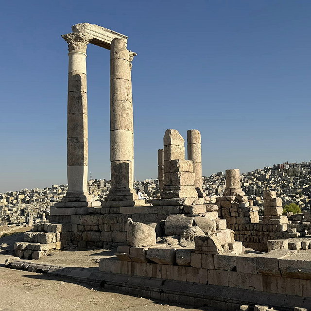 | - Massive Columns: The temple is distinguished by its large Corinthian columns, two of which remain standing today. These towering columns give a glimpse of the temple's grand scale and architectural elegance. - Hand of Hercules: A colossal stone hand, believed to be part of a massive statue of Hercules, is one of the most famous remnants found at the site. Scholars estimate that the original statue could have been over 12 meters tall. - Strategic Location: The temple is situated at the highest point of the Citadel, offering panoramic views of Amman and showcasing the importance of the site in ancient times. The Citadel itself is a multi-layered archaeological site, featuring remnants from various civilizations, including Roman, Byzantine, and early Islamic periods. - Blend of Cultures: The Temple of Hercules represents the Roman influence on the region, which was part of the Roman Empire's province of Arabia Petraea. The site blends Roman architectural styles with local elements. | |
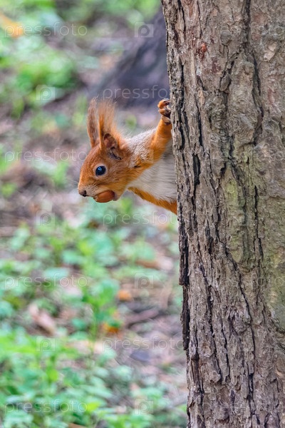 Лесная белка бегает и прыгает по деревьям в поисках еды
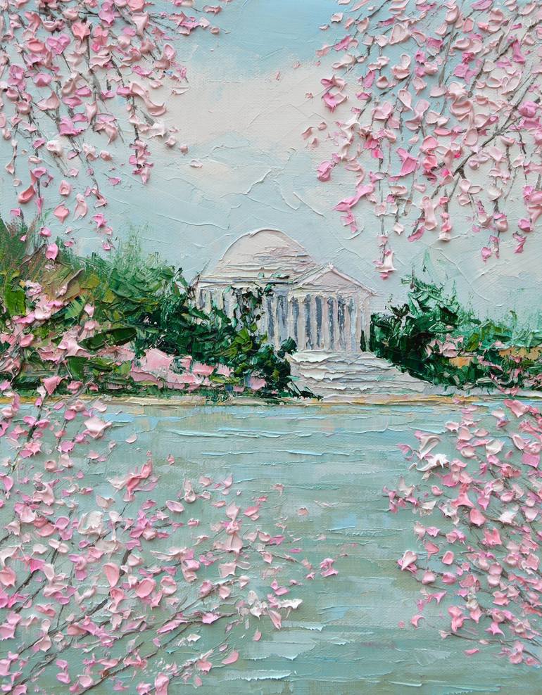 Heavily textured spring landscape of the cherry blossoms on the Tidal Basin in Washington, DC. Edges painted to match. Wired and ready for hanging or framing.
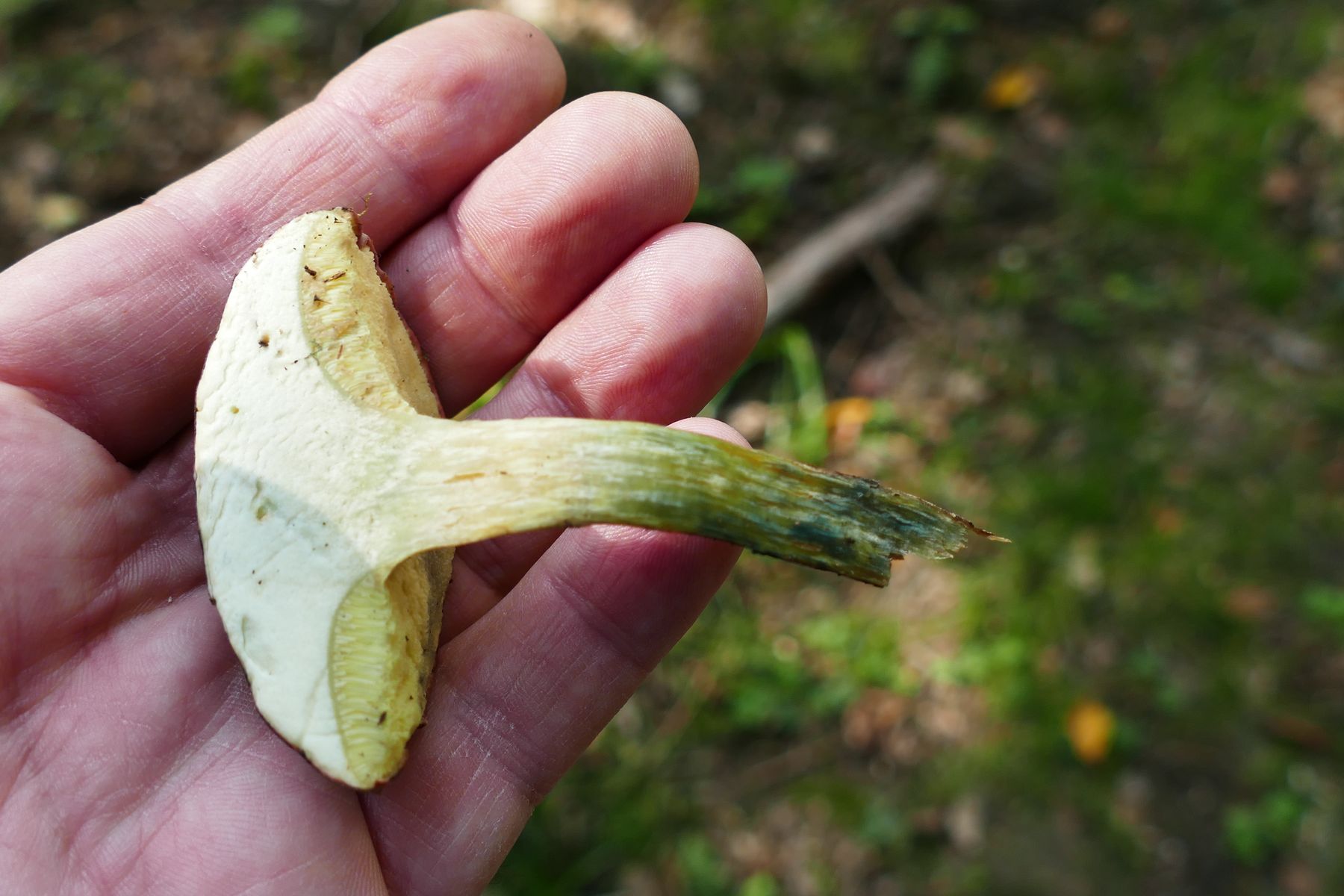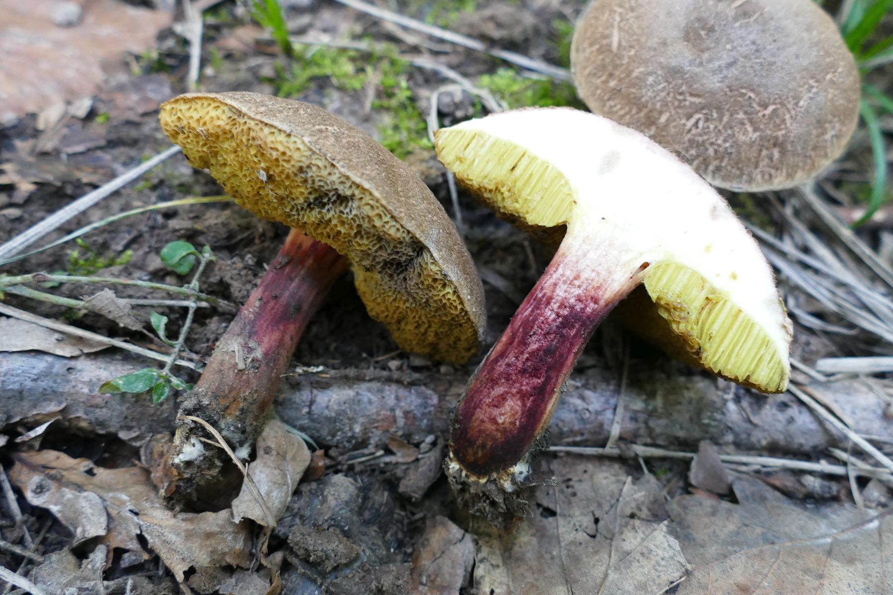 Die eine Sorte zeigt rotes Stielfleisch und blaut nicht, weder im Querschnitt, noch an den gedrückten, groben Röhren.
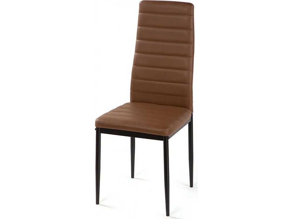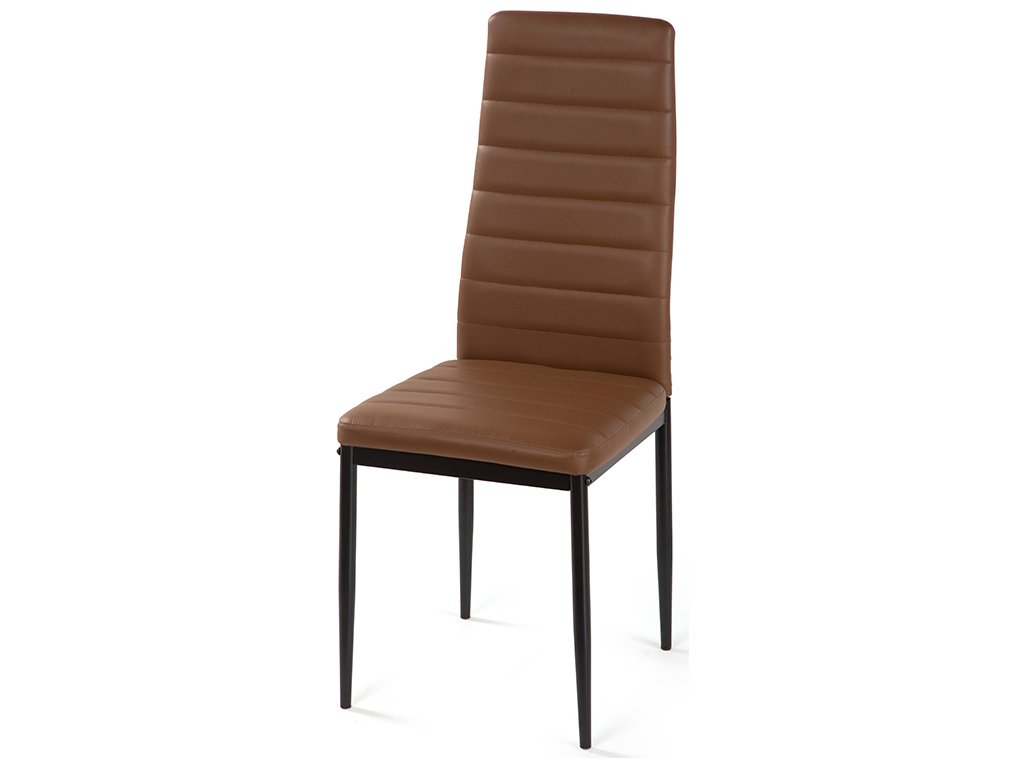 Jídelní židle s čalouněním v hnědé eko kůži nabízí pohodlné a stabilní sezení nejen pro každodenní stolování. Vysoké opěradlo s horizontálním prošitím podporuje správné držení zad, zatímco sedák poskytuje dostatečný komfort.
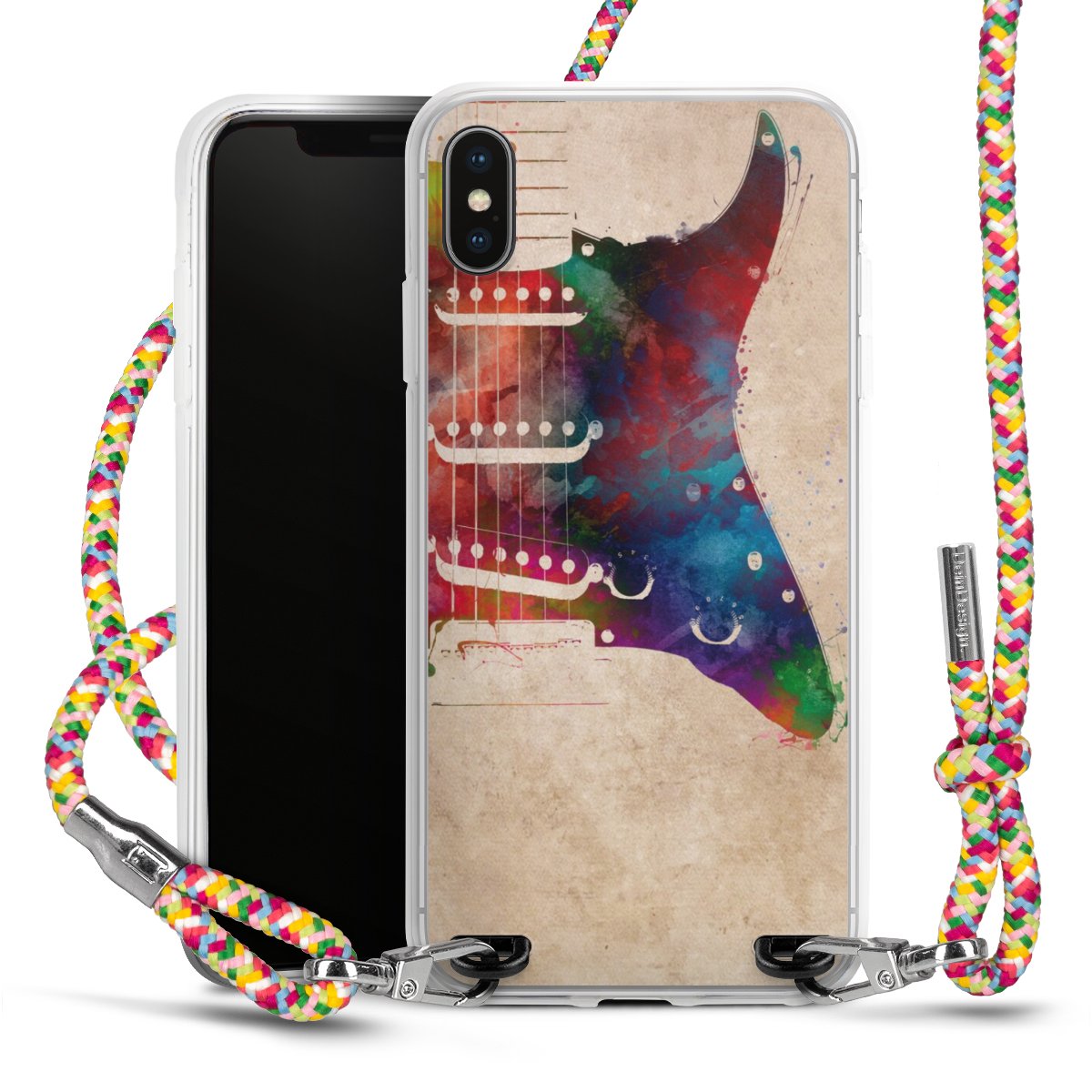 The flexible case is made from a highquality TPU material (thermoplastic Polyurethan). Thanks to its longlasting and break resistant characterisitcs, the case is flexible yet consistent in form and has a great grip and feel. The textile strap made from Polyester gives a chic yet casual accent allowing you to carry your phone like a bag or necklace - a practical gadget perfect for your next adventure. The textile strap is about 1.70 meters long and the length can easily be adjusted through the knots. Our Carry Case is available in Colourful, Mint-Camouflage, Very-Berry, Sahara-Sand and Sparkling-Neon. The ends of the textile strap are covered with metallic end caps to protect them against fraying.
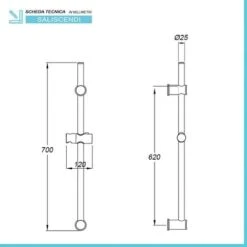 Asta Doccia Saliscendi 006 Completo Doccetta 3 Funzioni Multigetto H 65 Cm Pezzi 1
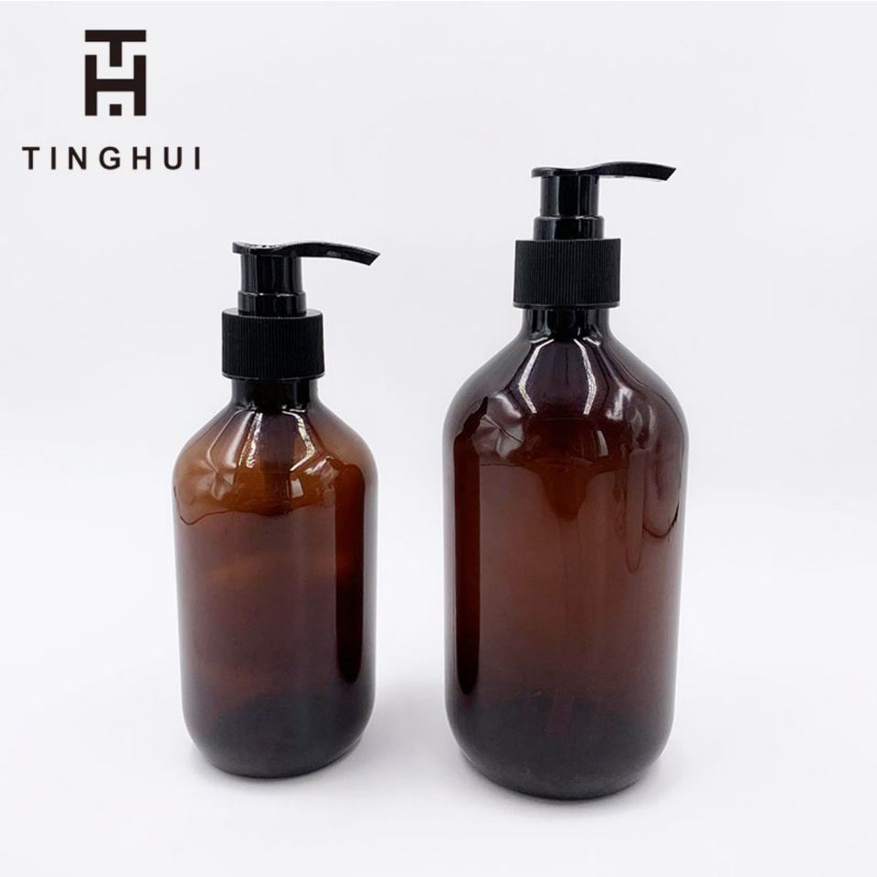 ขวดพลาสติก PET สีเขียวเทาใส ขนาด 300 มล. 500 มล. สำหรับบรรจุน้ำมันใส่ผม โลชั่น แชมพู พร้อมหัวปั๊มสีดำ แบบกำหนดเองได้
____
DESCRIPTION OF THE TASK » What is needed is a word-for-word copy of the data above, free of any images.

COMPLETED TASK »
 | - Massive Columns: The temple is distinguished by its large Corinthian columns, two of which remain standing today. These towering columns give a glimpse of the temple's grand scale and architectural elegance. - Hand of Hercules: A colossal stone hand, believed to be part of a massive statue of Hercules, is one of the most famous remnants found at the site. Scholars estimate that the original statue could have been over 12 meters tall. - Strategic Location: The temple is situated at the highest point of the Citadel, offering panoramic views of Amman and showcasing the importance of the site in ancient times. The Citadel itself is a multi-layered archaeological site, featuring remnants from various civilizations, including Roman, Byzantine, and early Islamic periods. - Blend of Cultures: The Temple of Hercules represents the Roman influence on the region, which was part of the Roman Empire's province of Arabia Petraea. The site blends Roman architectural styles with local elements. | |
 Лесная белка бегает и прыгает по деревьям в поисках еды
 Heavily textured spring landscape of the cherry blossoms on the Tidal Basin in Washington, DC. Edges painted to match. Wired and ready for hanging or framing.
 Die eine Sorte zeigt rotes Stielfleisch und blaut nicht, weder im Querschnitt, noch an den gedrückten, groben Röhren.
 Jídelní židle s čalouněním v hnědé eko kůži nabízí pohodlné a stabilní sezení nejen pro každodenní stolování. Vysoké opěradlo s horizontálním prošitím podporuje správné držení zad, zatímco sedák poskytuje dostatečný komfort.
 The flexible case is made from a highquality TPU material (thermoplastic Polyurethan). Thanks to its longlasting and break resistant characterisitcs, the case is flexible yet consistent in form and has a great grip and feel. The textile strap made from Polyester gives a chic yet casual accent allowing you to carry your phone like a bag or necklace - a practical gadget perfect for your next adventure. The textile strap is about 1.70 meters long and the length can easily be adjusted through the knots. Our Carry Case is available in Colourful, Mint-Camouflage, Very-Berry, Sahara-Sand and Sparkling-Neon. The ends of the textile strap are covered with metallic end caps to protect them against fraying.
 Asta Doccia Saliscendi 006 Completo Doccetta 3 Funzioni Multigetto H 65 Cm Pezzi 1
 ขวดพลาสติก PET สีเขียวเทาใส ขนาด 300 มล. 500 มล. สำหรับบรรจุน้ำมันใส่ผม โลชั่น แชมพู พร้อมหัวปั๊มสีดำ แบบกำหนดเองได้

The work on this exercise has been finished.